▸ WHAT YOU WILL DO
Span requested from the data below: the line with "Maripe brand Madrid" through the line with "春节临近,广西龙胜各族自治县乐江镇宝赠村的村民加紧制作吊龙,准备在春节前后表演吊龙舞。 新华社发(吴生斌 摄)", both included. Give only these lines again, exactly, and leave every picture out.

▸ DATA FOR PROCESSING
"""

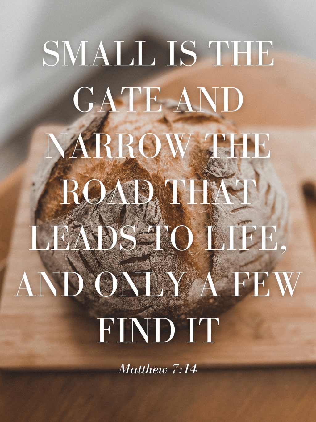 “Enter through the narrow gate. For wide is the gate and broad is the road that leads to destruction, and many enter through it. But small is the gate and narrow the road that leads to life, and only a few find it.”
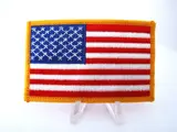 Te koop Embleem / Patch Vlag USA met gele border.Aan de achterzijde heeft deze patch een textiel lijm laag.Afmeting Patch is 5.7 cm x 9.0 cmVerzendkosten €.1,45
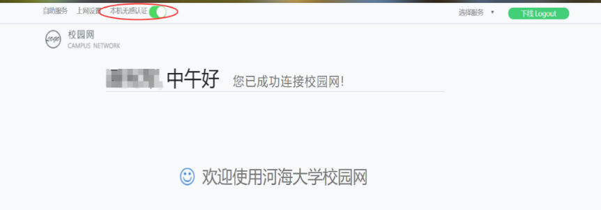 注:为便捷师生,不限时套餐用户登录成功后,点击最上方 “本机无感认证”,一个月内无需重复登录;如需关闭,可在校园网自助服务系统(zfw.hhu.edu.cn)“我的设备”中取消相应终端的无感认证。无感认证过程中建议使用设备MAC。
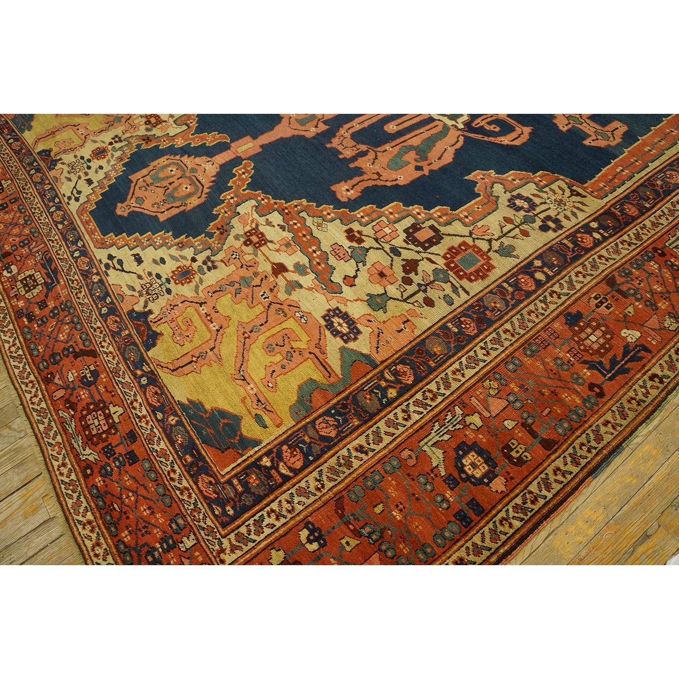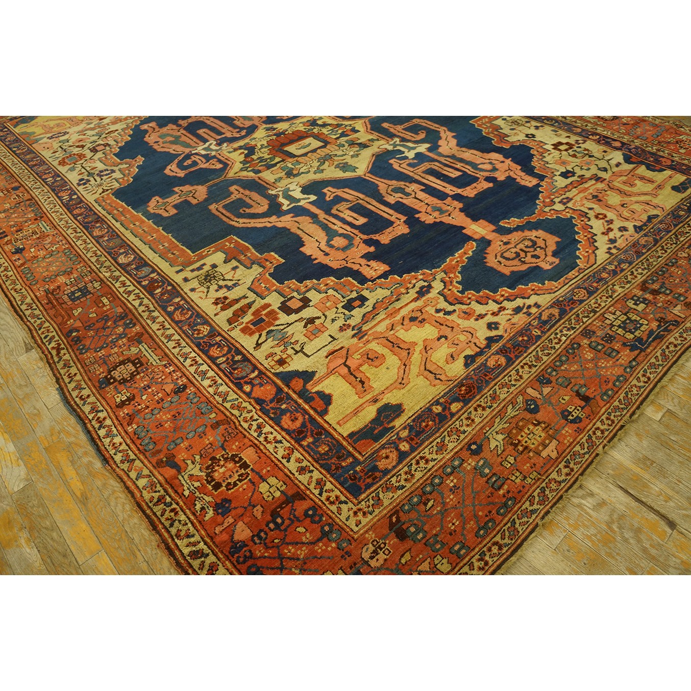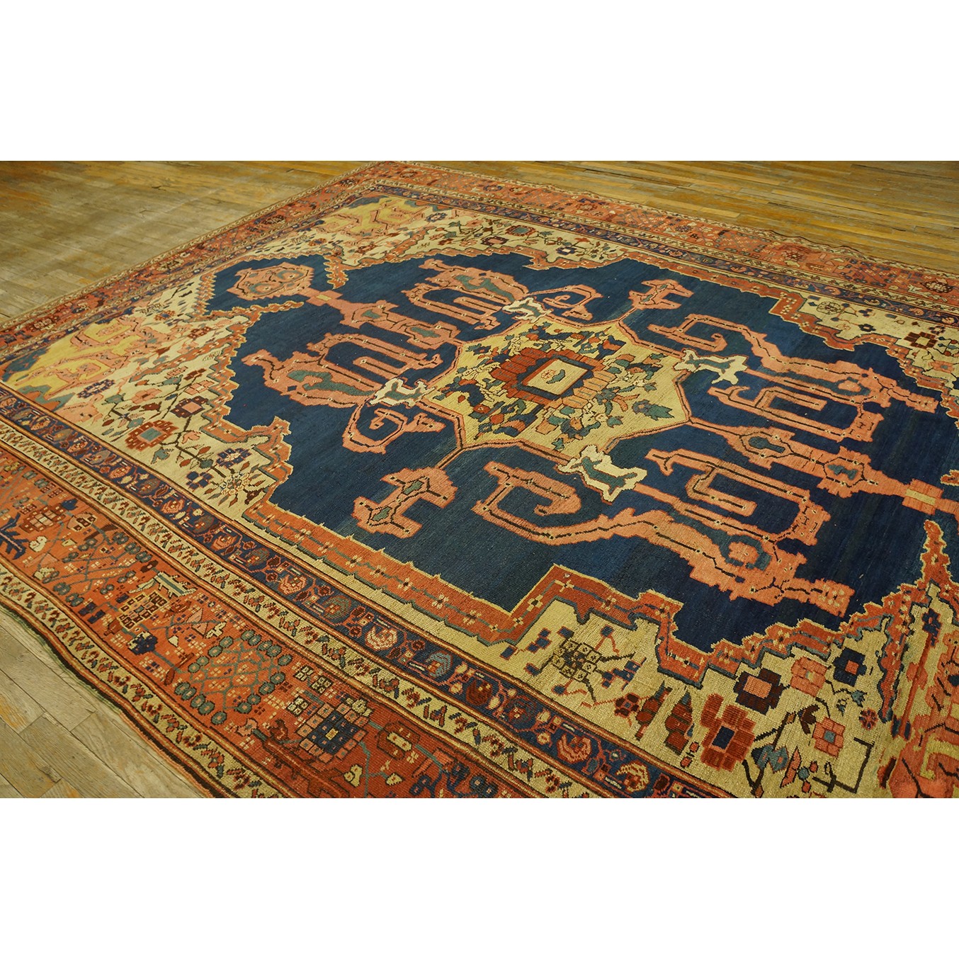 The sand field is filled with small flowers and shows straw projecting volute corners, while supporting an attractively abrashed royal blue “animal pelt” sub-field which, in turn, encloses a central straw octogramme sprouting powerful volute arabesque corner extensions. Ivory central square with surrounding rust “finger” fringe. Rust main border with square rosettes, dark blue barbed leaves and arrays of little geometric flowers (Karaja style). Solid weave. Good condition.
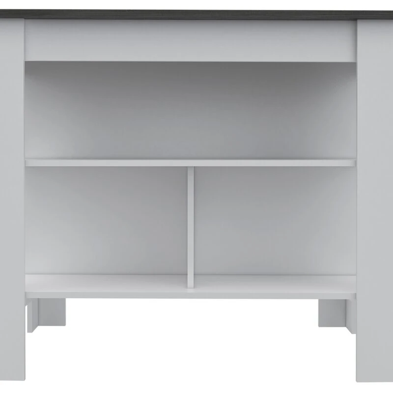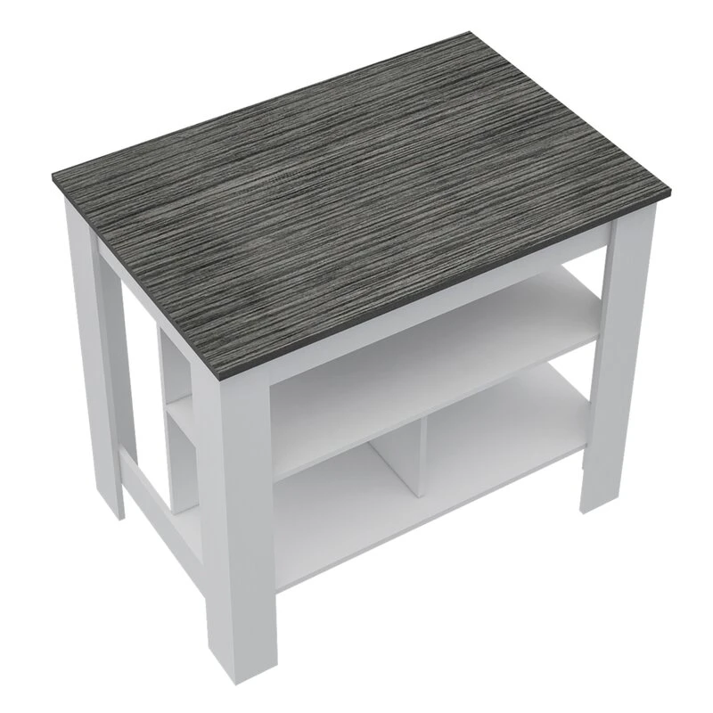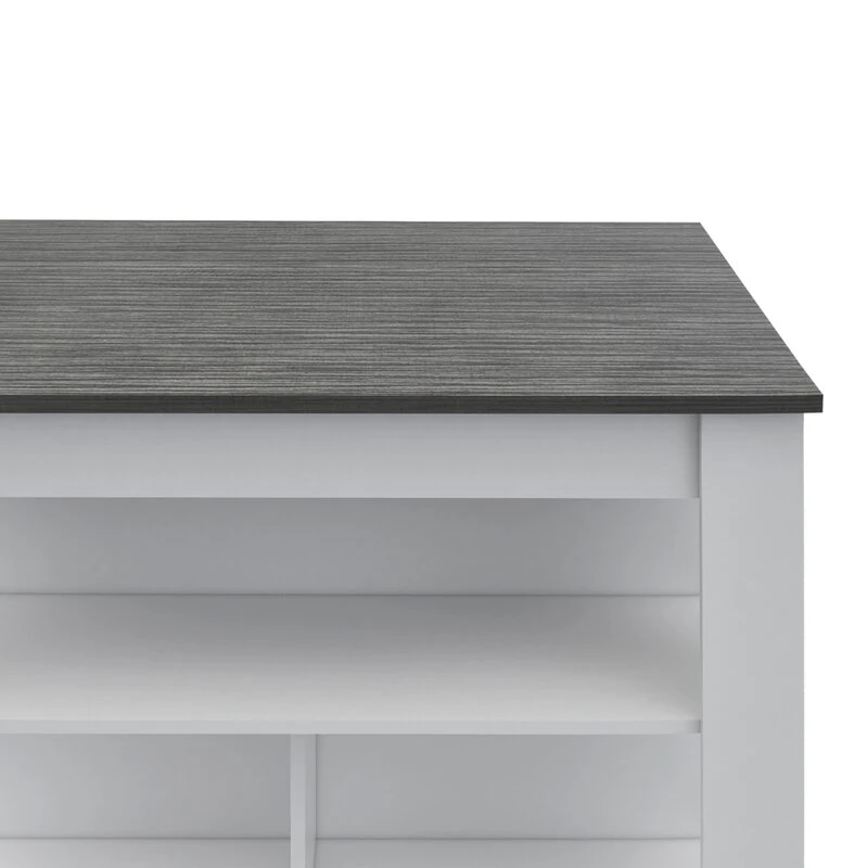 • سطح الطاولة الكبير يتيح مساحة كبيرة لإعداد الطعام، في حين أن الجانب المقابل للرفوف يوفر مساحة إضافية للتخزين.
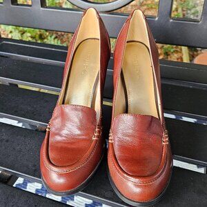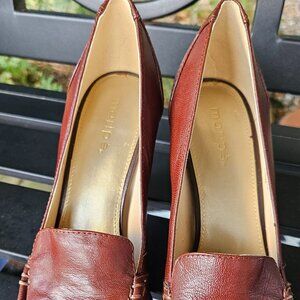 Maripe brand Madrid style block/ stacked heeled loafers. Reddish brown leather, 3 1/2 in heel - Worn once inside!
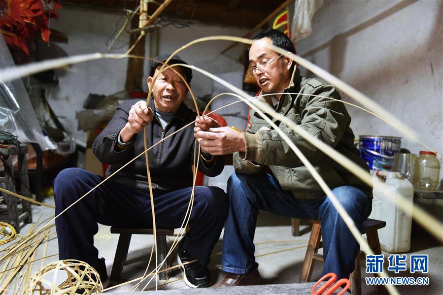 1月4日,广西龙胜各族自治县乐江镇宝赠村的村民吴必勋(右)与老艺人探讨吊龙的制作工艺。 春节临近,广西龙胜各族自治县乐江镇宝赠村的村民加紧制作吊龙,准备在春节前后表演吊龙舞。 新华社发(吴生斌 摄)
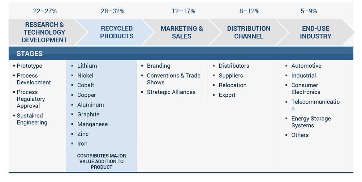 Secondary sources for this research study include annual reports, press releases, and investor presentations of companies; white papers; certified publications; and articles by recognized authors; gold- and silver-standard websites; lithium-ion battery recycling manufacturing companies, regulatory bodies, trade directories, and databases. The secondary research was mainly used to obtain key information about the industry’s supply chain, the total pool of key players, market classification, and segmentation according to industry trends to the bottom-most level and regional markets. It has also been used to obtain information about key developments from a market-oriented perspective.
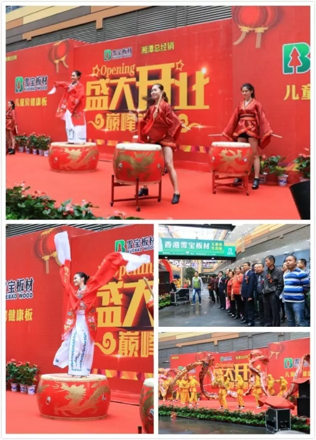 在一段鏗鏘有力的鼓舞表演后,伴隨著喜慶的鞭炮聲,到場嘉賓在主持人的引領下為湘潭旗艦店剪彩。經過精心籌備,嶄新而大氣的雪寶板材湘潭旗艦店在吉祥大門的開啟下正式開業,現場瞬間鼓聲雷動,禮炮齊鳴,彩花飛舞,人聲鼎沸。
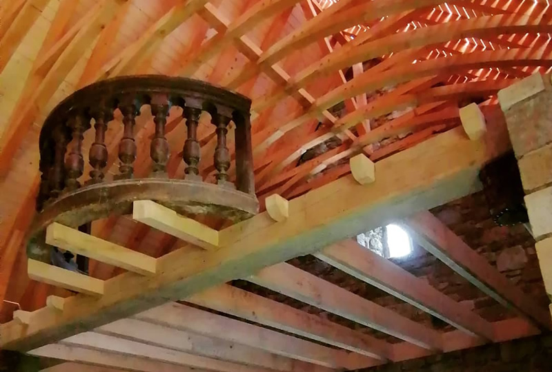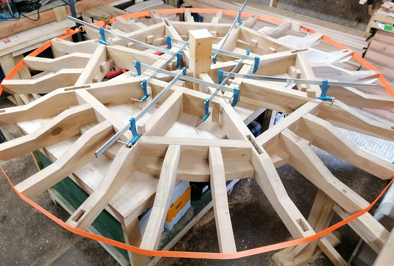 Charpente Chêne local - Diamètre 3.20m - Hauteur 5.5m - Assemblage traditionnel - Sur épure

"""

▸ ANSWER TO THE PROBLEM
 Maripe brand Madrid style block/ stacked heeled loafers. Reddish brown leather, 3 1/2 in heel - Worn once inside!
 1月4日,广西龙胜各族自治县乐江镇宝赠村的村民吴必勋(右)与老艺人探讨吊龙的制作工艺。 春节临近,广西龙胜各族自治县乐江镇宝赠村的村民加紧制作吊龙,准备在春节前后表演吊龙舞。 新华社发(吴生斌 摄)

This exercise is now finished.